Человеку нового времени она чужда и непонятна. Даже специалисты
литературоведы обычно говорят, что она "не поэзия". Следовало бы, однако,
сказать "не поэзия в современном смысле слова". Дело в том, что людей
древнеисландского общества она, несомненно, вполне удовлетворяла, и никакой
другой поэзии им не было нужно (эддическая поэзия ценилась скорее ради
содержащихся в ней мифов и сказаний, а не как поэзия). Поэзия скальдов была как
бы зашифровкой того или иного сообщения посредством шифра, настолько
замысловатого и вычурного, что сутью этой поэзии было не само сообщение, а только
его расшифровка. В современных изданиях скальдические стихи всегда
сопровождаются пересказом их в прозе. Иначе их понять невозможно. Скальдическая
зашифровка состояла не только в использовании вычурных и замысловатых кеннингов
и бесчисленных хейти, но и в соблюдении очень строгого размера, т. е. определенного
количества слогов и строк и очень трудного узора внутренних рифм и аллитераций
(начальных рифм), а также в переплетении предложений и словосочетаний, т. е. в
применении совершенно противоестественного порядка слов.

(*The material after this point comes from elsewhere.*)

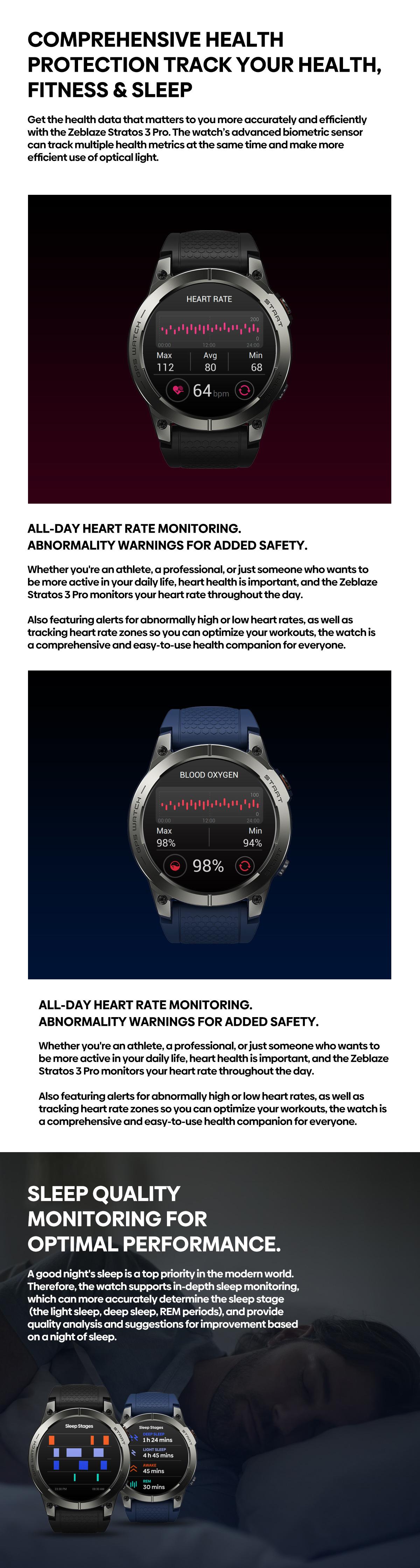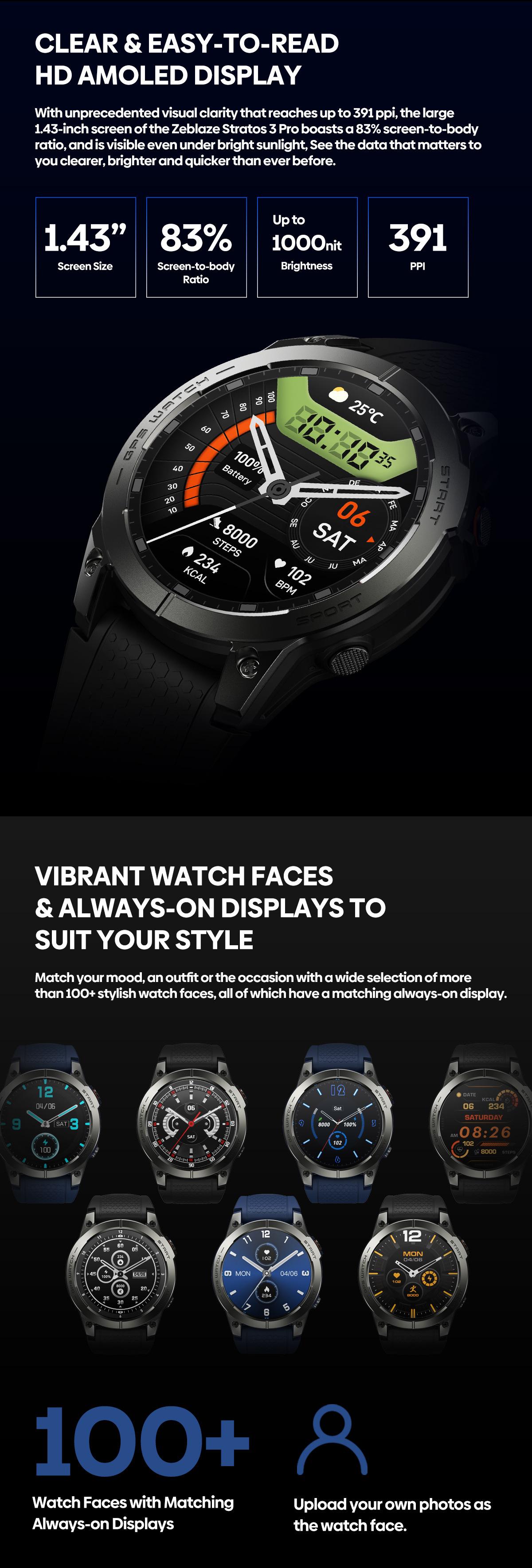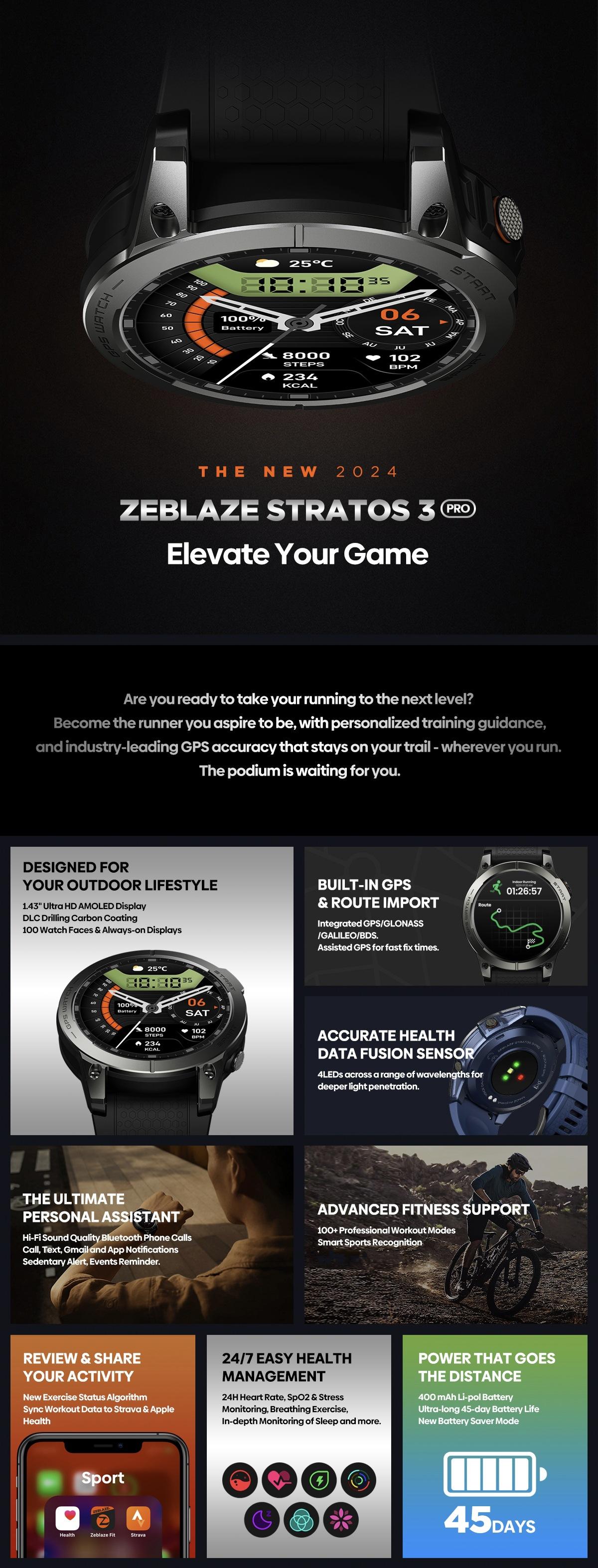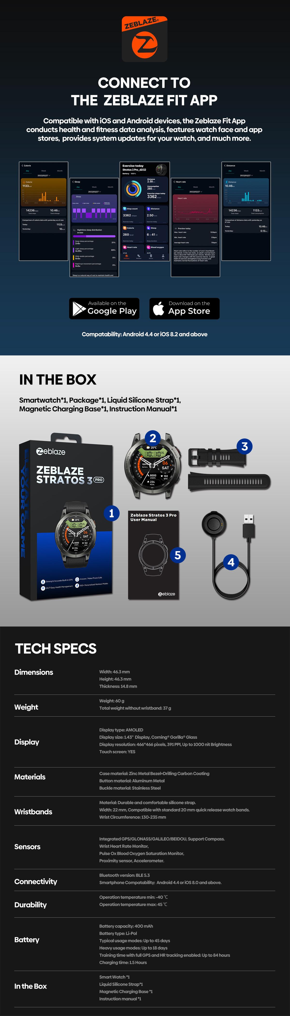 El peso bruto del Stratos 3 Pro (con embalaje) es de aproximadamente 209 g, y el peso neto es de 60 g (la correa del reloj es negra o azul). El embalaje es una caja de papel rectangular negra con un tamaño de 162 x 95 x 35mm,Caja: 50 unidades, 11.2kilogramo,49.5 x 35.5 x 20 cm。

В силу всего этого невозможно даже приблизительно передать в переводе форму


скальдических стихов. В "Языке поэзии" приводятся примеры из 70 скальдов IX-XIII
вв. Неясно, были ли эти примеры уже в оригинале, или они – позднейшая вставка. Как
правило, это фрагменты, содержание которых крайне скудно и вне произведения, из
которого они взяты, вообще непонятно.

"Перечень размеров", последняя часть "Младшей Эдды",... основное содержание


этой части – скальдические стихи, но приводятся они ради их формы, а форма эта
непереводима. Часть эта представляет интерес, но, конечно, не в переводе, для
историков метрики и языка. "Перечень размеров" содержит 102 висы (строфы),
каждая из которых должна иллюстрировать новый размер. Снорри, однако,
подразумевает под "размерами" не только метрические разновидности стиха, т. е. его
разновидности, обусловленные различной расстановкой аллитерации или внутренних
рифм, количеством слогов в строке и т. д., но и различные стилистические приемы –
употребление тех или иных кеннингов, расположение предложений в строфе и т. п.
Смешение метрических явлений со стилистическими, своего рода, синкретизм
стихотворной формы и языкового стиля, вообще характерен для средневековой
поэтики и особенно для поэзии скальдов: языковой стиль в ней обычно различен в
различных размерах. Снорри начинает с "дротткветта", наиболее сложного
скальдического размера (пять шестых того, что сохранилось от поэзии скальдов,
сочинено дротткветтом), и посвящает этому размеру первые 68 вис, иллюстрируя
сначала его стилистические, а потом его метрические разновидности, переходит за тем
к более простым и кончает самыми простыми размерами, теми, которые характерны
для песен "Старшей Эдды".

В своем "Перечне размеров" Снорри проявляет необычайную виртуозность. Ему


удается не только проиллюстрировать массу метрических и стилистических
явлений, но и связать все свои иллюстрации по содержанию: все они вместе
образуют хвалебную песнь в честь норвежских правителей – короля Хакона и
ярла Скули. Сначала прославляется Хакон, затем Скули, потом снова Хакон и
наконец оба вместе. Такой трюк оказался возможным потому, что содержание
скальдических хвалебных песен вообще крайне трафаретно: повторяется все то
же о щедрости, могуществе и храбрости правителя и все так же описываются
битвы. Поэтому, хотя в ряде случаев Снорри имеет в виду, по видимому, какие-то
конкретные события из истории правления Хакона и Скули, содержание его
хвалебной песни очень скудно и целиком подчинено чисто формальной задаче –
дать иллюстрации стихотворных размеров и стилистических приемов. В конце
своей хвалебной песни Снорри говорит, что она "будет жить всегда, пока не
прекратится людской род, и не погибнут миры". Но по иронии судьбы именно эта
часть его книги оказалась наименее долговечной.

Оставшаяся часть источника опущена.